**WORK TASK**
What is needed is the exact text of each line in the listing below from the one with "Aprendemos a modo" up to and including the one with "சென்னை புதுப்பேட்டையில் பழைய", and no pictures.

**EXTRACTED ENTRIES**

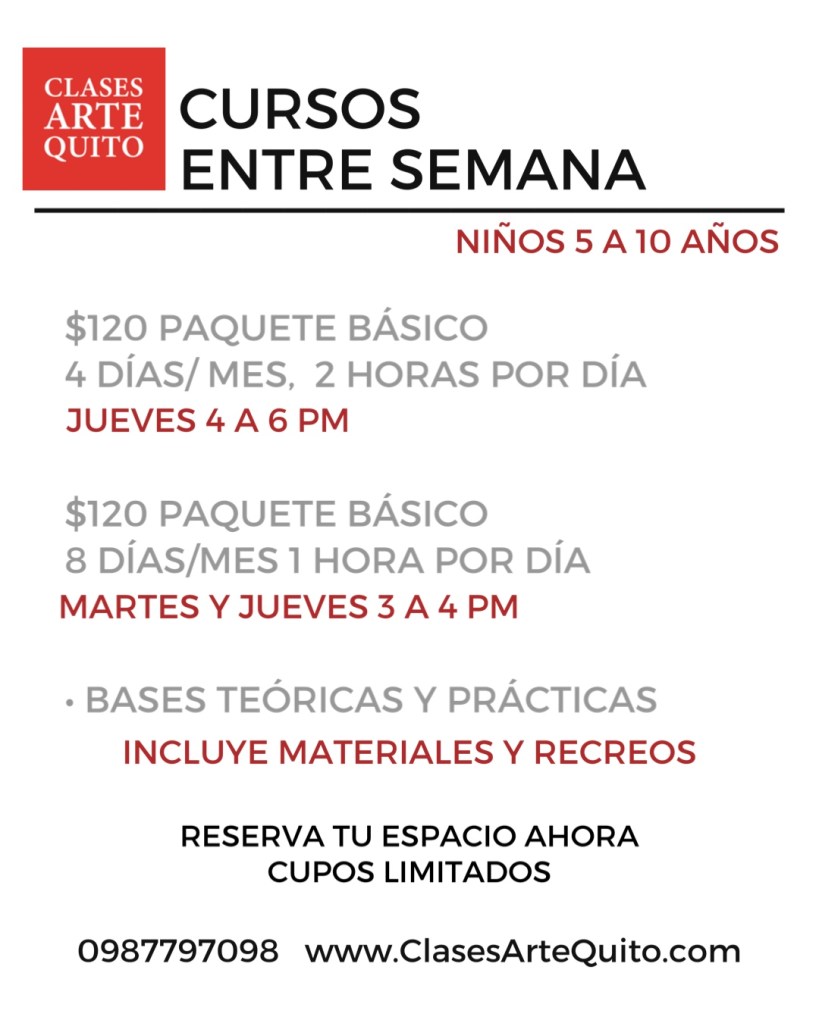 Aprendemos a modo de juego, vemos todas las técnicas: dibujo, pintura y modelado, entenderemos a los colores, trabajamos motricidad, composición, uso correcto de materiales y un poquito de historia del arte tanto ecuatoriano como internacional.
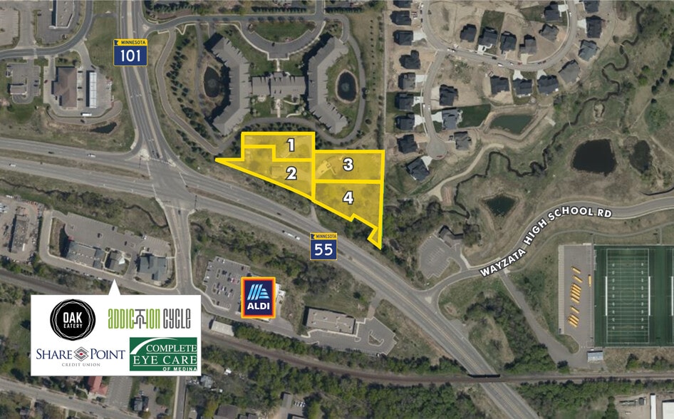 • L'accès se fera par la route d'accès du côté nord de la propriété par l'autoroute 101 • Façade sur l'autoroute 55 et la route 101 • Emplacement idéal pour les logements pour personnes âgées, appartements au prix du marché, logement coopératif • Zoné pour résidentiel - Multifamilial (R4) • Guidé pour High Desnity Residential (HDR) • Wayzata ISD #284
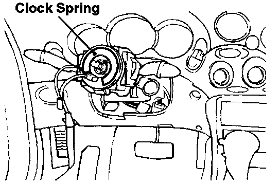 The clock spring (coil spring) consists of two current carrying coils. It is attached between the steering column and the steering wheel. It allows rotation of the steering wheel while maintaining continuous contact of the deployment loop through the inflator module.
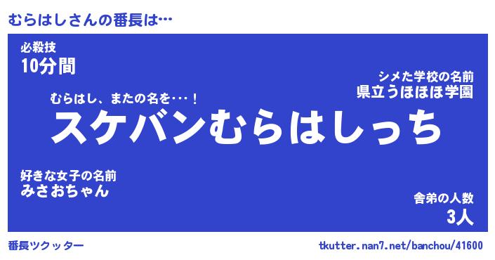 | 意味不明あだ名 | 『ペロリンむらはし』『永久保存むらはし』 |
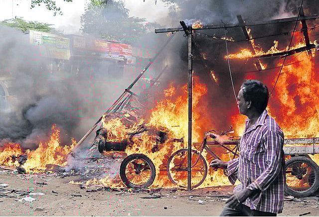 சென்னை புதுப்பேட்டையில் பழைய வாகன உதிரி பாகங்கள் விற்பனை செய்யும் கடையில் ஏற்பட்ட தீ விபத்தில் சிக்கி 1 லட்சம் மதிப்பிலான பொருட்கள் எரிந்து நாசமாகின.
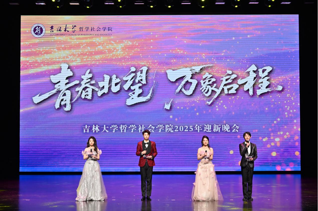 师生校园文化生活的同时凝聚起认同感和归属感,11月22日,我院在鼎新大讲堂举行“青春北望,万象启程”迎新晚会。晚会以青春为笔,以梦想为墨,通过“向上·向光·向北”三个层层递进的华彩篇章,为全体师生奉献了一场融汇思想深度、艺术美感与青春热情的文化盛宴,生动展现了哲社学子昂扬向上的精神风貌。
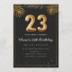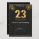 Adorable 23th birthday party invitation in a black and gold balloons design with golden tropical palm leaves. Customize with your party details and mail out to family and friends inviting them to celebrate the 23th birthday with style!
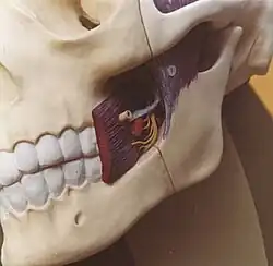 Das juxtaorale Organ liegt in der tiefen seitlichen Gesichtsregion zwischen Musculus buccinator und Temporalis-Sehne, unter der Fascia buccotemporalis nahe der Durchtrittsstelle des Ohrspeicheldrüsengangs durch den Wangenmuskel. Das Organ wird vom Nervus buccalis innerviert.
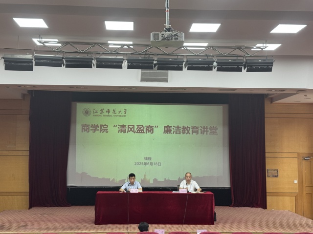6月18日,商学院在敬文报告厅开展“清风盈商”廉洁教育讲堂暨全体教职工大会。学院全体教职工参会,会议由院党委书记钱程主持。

* * *

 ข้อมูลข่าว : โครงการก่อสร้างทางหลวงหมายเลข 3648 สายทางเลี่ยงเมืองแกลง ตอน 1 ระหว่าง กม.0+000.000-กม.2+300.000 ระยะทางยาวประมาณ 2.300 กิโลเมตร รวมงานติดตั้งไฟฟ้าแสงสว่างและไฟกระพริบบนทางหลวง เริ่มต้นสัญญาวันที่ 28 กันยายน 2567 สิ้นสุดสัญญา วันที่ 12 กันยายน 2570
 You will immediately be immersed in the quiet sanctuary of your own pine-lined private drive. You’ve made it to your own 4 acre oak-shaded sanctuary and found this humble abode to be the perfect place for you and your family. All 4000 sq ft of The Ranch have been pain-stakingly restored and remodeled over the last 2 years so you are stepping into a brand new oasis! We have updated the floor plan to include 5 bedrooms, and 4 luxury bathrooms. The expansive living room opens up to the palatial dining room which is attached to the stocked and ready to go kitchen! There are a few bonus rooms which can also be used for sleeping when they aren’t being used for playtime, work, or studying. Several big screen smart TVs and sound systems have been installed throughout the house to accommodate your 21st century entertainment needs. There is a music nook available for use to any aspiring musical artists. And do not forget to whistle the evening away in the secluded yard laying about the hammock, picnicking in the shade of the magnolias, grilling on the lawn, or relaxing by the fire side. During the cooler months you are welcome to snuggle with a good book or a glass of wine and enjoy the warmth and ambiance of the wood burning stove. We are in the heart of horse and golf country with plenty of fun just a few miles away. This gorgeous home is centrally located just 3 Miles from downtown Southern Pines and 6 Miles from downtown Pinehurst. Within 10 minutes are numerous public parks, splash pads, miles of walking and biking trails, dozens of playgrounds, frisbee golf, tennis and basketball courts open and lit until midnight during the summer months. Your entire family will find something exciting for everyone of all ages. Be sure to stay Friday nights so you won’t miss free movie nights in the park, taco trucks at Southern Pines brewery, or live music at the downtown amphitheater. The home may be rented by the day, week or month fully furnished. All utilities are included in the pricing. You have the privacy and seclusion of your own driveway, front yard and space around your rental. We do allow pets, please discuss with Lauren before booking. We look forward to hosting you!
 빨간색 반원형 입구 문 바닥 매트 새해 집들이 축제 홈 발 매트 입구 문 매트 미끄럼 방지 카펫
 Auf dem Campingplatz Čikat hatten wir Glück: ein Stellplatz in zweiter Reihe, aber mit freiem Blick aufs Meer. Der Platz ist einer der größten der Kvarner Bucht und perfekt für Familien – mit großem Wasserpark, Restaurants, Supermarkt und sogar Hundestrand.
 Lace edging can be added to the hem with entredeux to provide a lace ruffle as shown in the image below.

**EXPECTED ANSWER**
 Aprendemos a modo de juego, vemos todas las técnicas: dibujo, pintura y modelado, entenderemos a los colores, trabajamos motricidad, composición, uso correcto de materiales y un poquito de historia del arte tanto ecuatoriano como internacional.
 • L'accès se fera par la route d'accès du côté nord de la propriété par l'autoroute 101 • Façade sur l'autoroute 55 et la route 101 • Emplacement idéal pour les logements pour personnes âgées, appartements au prix du marché, logement coopératif • Zoné pour résidentiel - Multifamilial (R4) • Guidé pour High Desnity Residential (HDR) • Wayzata ISD #284
 The clock spring (coil spring) consists of two current carrying coils. It is attached between the steering column and the steering wheel. It allows rotation of the steering wheel while maintaining continuous contact of the deployment loop through the inflator module.
 | 意味不明あだ名 | 『ペロリンむらはし』『永久保存むらはし』 |
 சென்னை புதுப்பேட்டையில் பழைய வாகன உதிரி பாகங்கள் விற்பனை செய்யும் கடையில் ஏற்பட்ட தீ விபத்தில் சிக்கி 1 லட்சம் மதிப்பிலான பொருட்கள் எரிந்து நாசமாகின.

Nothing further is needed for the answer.